Elevating "Coding" to a First-Class Action: This is the core "aha" moment—instead of summarizing APIs for every app, the agent is allowed to write Python/Bash freely to manipulate the OS backend, replacing long click sequences with one script and fundamentally avoiding visual grounding ambiguity.
Dynamic Modality Selection Over Binary Choice: The Orchestrator dynamically dispatches between coding and GUI based on subtask nature, gaining script precision while retaining GUI versatility. This scheduling logic is transferable to any agent system with heterogeneous tools.
Summarizer + Memory Reset Logic: Using a dedicated model to compress histories and resetting executor memory solves context contamination in multi-agent systems—a reusable multi-agent orchestration trick.
Training-free, Plug-and-play: Achieving SOTA simply by orchestrating off-the-shelf strong models (o3 / o4-mini / CUA) proves that significant gains come from "action space design" rather than just "retraining a model."

Limitations & Future Work¶

Performance is highly sensitive to the backbone model capability of the Orchestrator/Programmer—switching to weaker models (o4-mini) drops results from 60.76% to 43.43%, indicating a strong dependency on top-tier closed-source reasoning models.
The framework relies entirely on OpenAI closed-source models, and performance on open-source backbones remains unverified.
Coding actions execute scripts directly on the OS backend, posing safety/accidental deletion risks in real environments; the paper does not deeply discuss sandboxing or safety constraints.
Evaluation is focused on preset tasks in OSWorld/WindowsAgentArena; stability in open-ended, long-term real-world workflows remains to be seen; the 35.73% ceiling for pure coding suggests many tasks still inevitably depend on fragile GUI interactions.

vs. Pure GUI / End-to-End Native Agents (UI-TARS, OpenCUA, CUA 4o): These unify perception-reasoning-action into a single model with a GUI-only space; CoAct-1 expands the action space and uses hierarchical scheduling, leading significantly in Office/OS/Multi-app tasks by "changing the action space" rather than just the model.
vs.

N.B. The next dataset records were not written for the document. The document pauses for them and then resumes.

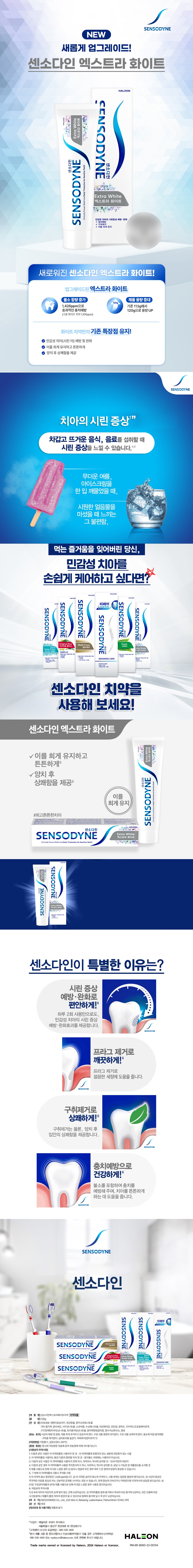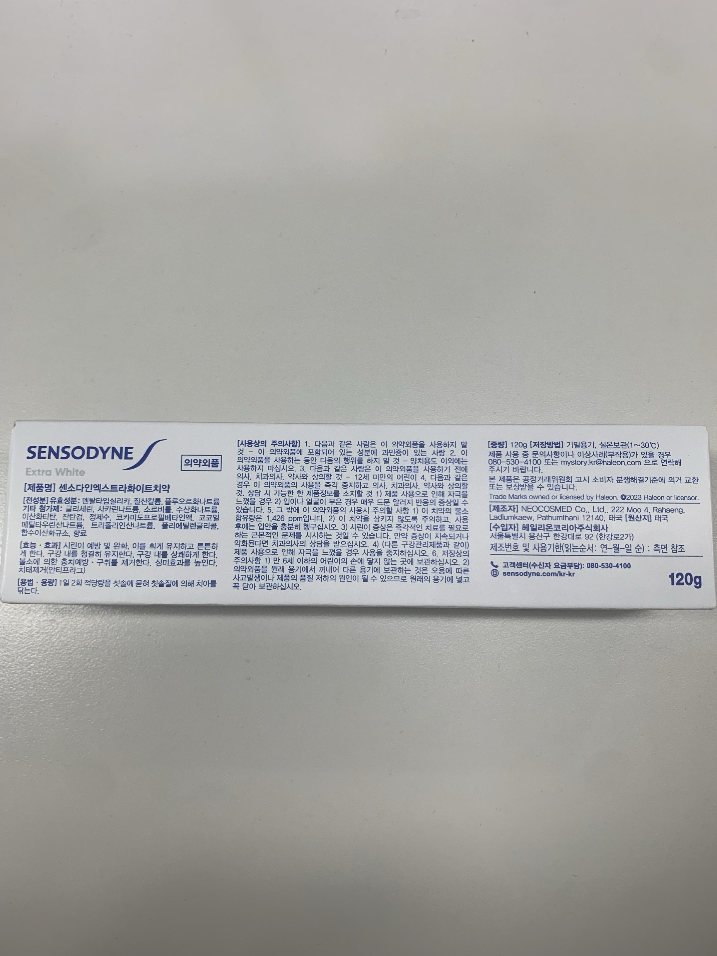 | 품명 및 모델명 | 센소다인 엑스트라 화이트 치약 | 인증/허가 사항 | 의약외품 |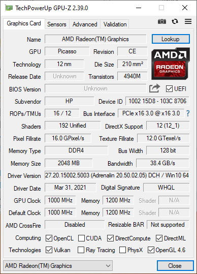 Процессор содержит встроенную графику AMD Radeon Graphics (Radeon RX Vega 3 — 3 ядра, тактовая частота 1000 МГц) и работает с оперативной памятью DDR4-2400 объемом до 32 ГБ в двухканальном режиме.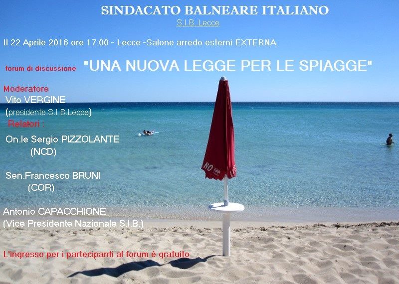 Il Sib-Confcommercio Lecce organizza il forum di discussione su “Una nuova legge per le spiagge”, in programma venerdì 22 aprile alle ore 17, al salone dell’arredo per esterni Externa. Interverranno all’incontro il deputato Sergio Pizzolante (Nuovo Centrodestra), il senatore Francesco Bruni (Conservatori e riformisti) e l’avvocato Antonio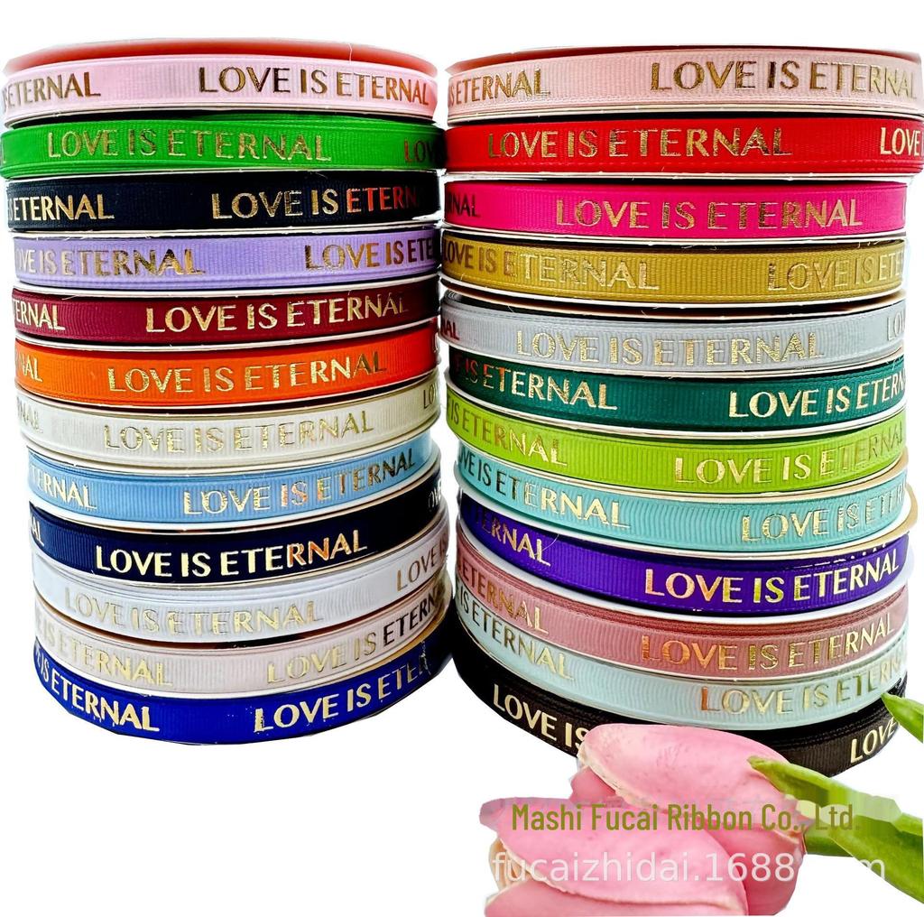 1cm Quality Heat-Set Hot Stamping Threaded Flower Packaging Ribbon with Lettering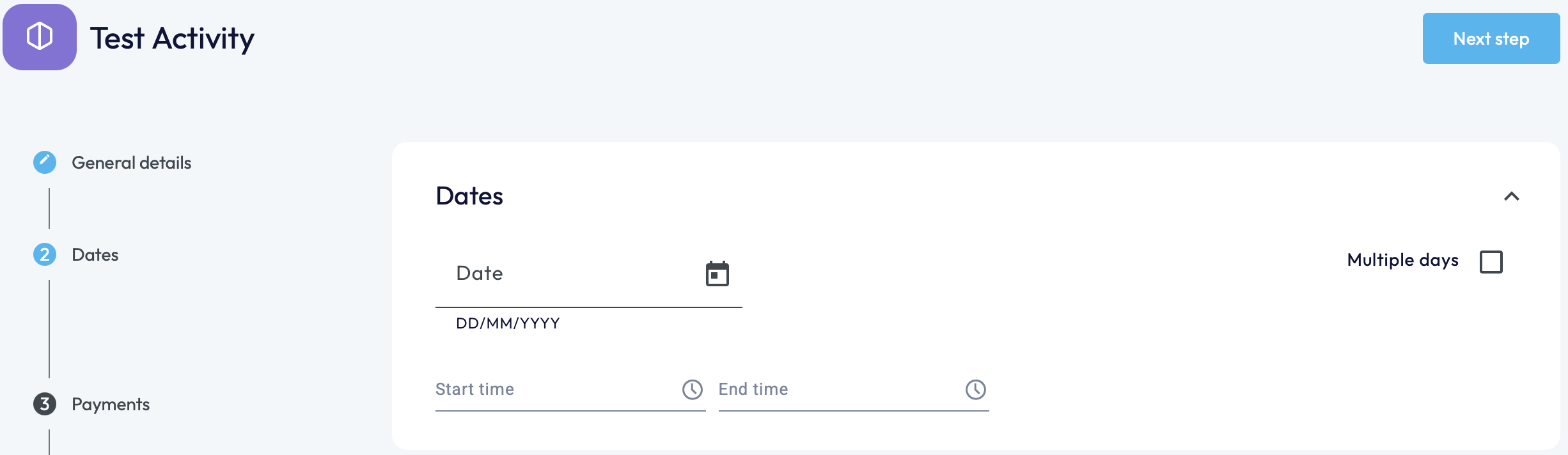 If the activity takes place over more than one day, make sure to select the 'Multiple Days' option on the right-hand side which will allow you to input the start date and end date as well as the times associated.

Modular Planner-Grounders (GTA-1, Agent S2.5, Jedi): These focus on "where and how to click" through test-time scaling or Mixture-of-Grounding, but the execution base remains GUI. CoAct-1 bypasses GUI for certain subtasks via scripts, showing the most improvement in programmatic tasks.
vs. Hybrid Agentic Frameworks (UFO-2, PyVision, BeyondBrowsing, ALITA): These also dynamically combine tools/APIs. CoAct-1 shares the "dynamic tool construction" philosophy but focuses on "free coding as a universal system action" synergized with GUI modalities, positioning it closer to general computer automation.

Rating¶

Novelty: ⭐⭐⭐⭐ Merging "coding as a first-class action" with GUI modalities via dynamic multi-agent fusion is a clear, solid solution to pure GUI pain points.
Experimental Thoroughness: ⭐⭐⭐⭐⭐ SOTA on two benchmarks + step budget decomposition + single-modality ablation + backbone sensitivity + efficiency analysis.
Writing Quality: ⭐⭐⭐⭐ Motivation and hierarchical design are well-explained; safety and open-source backbone discussions are relatively brief.
Value: ⭐⭐⭐⭐⭐ Achieves SOTA and efficiency gains through training-free orchestration, offering practical insights for computer-using agent design.